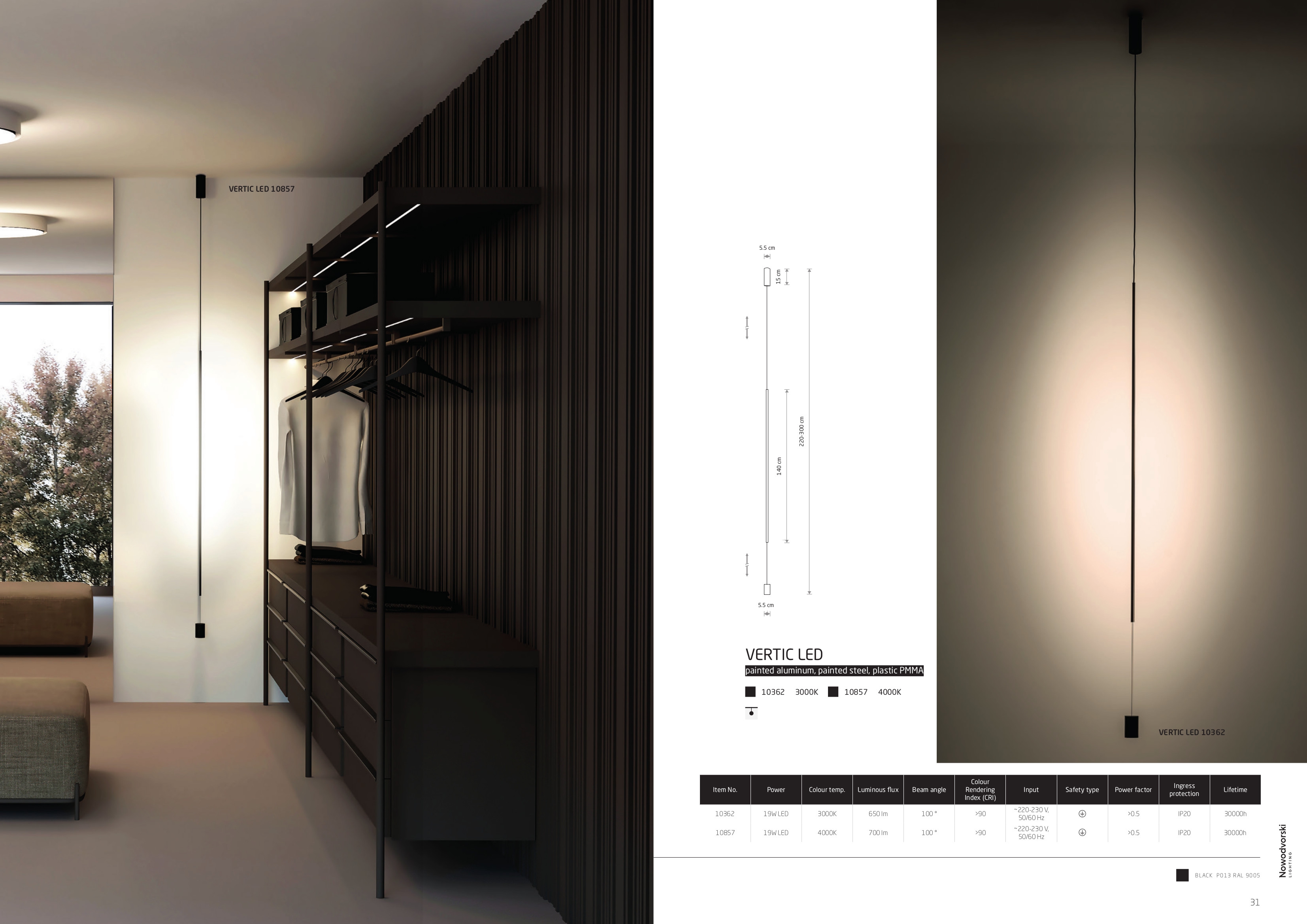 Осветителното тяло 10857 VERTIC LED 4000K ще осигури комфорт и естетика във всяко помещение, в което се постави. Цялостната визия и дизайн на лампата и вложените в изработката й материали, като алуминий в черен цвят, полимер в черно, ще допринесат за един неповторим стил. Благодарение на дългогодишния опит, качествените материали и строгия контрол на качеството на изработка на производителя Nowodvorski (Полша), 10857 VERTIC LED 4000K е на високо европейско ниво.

= = = = = = =

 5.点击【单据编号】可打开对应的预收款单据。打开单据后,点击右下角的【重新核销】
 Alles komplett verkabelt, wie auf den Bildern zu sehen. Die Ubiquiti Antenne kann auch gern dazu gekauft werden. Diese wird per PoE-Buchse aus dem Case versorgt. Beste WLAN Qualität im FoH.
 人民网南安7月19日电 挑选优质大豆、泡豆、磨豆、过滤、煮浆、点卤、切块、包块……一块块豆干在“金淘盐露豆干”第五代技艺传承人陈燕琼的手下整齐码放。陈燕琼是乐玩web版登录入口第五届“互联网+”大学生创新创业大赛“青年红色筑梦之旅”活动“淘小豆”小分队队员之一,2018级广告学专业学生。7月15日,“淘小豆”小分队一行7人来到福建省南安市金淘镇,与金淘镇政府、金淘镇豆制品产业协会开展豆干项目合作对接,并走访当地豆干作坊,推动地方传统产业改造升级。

= = = = = = =

Assigned task: Retype only this portion of the data above: the line containing "5.点击【单据编号】可打开对", the line containing "人民网南安7月19日电 挑选", and all lines between them, exactly.

Solution for this task:
 5.点击【单据编号】可打开对应的预收款单据。打开单据后,点击右下角的【重新核销】
 Alles komplett verkabelt, wie auf den Bildern zu sehen. Die Ubiquiti Antenne kann auch gern dazu gekauft werden. Diese wird per PoE-Buchse aus dem Case versorgt. Beste WLAN Qualität im FoH.
 人民网南安7月19日电 挑选优质大豆、泡豆、磨豆、过滤、煮浆、点卤、切块、包块……一块块豆干在“金淘盐露豆干”第五代技艺传承人陈燕琼的手下整齐码放。陈燕琼是乐玩web版登录入口第五届“互联网+”大学生创新创业大赛“青年红色筑梦之旅”活动“淘小豆”小分队队员之一,2018级广告学专业学生。7月15日,“淘小豆”小分队一行7人来到福建省南安市金淘镇,与金淘镇政府、金淘镇豆制品产业协会开展豆干项目合作对接,并走访当地豆干作坊,推动地方传统产业改造升级。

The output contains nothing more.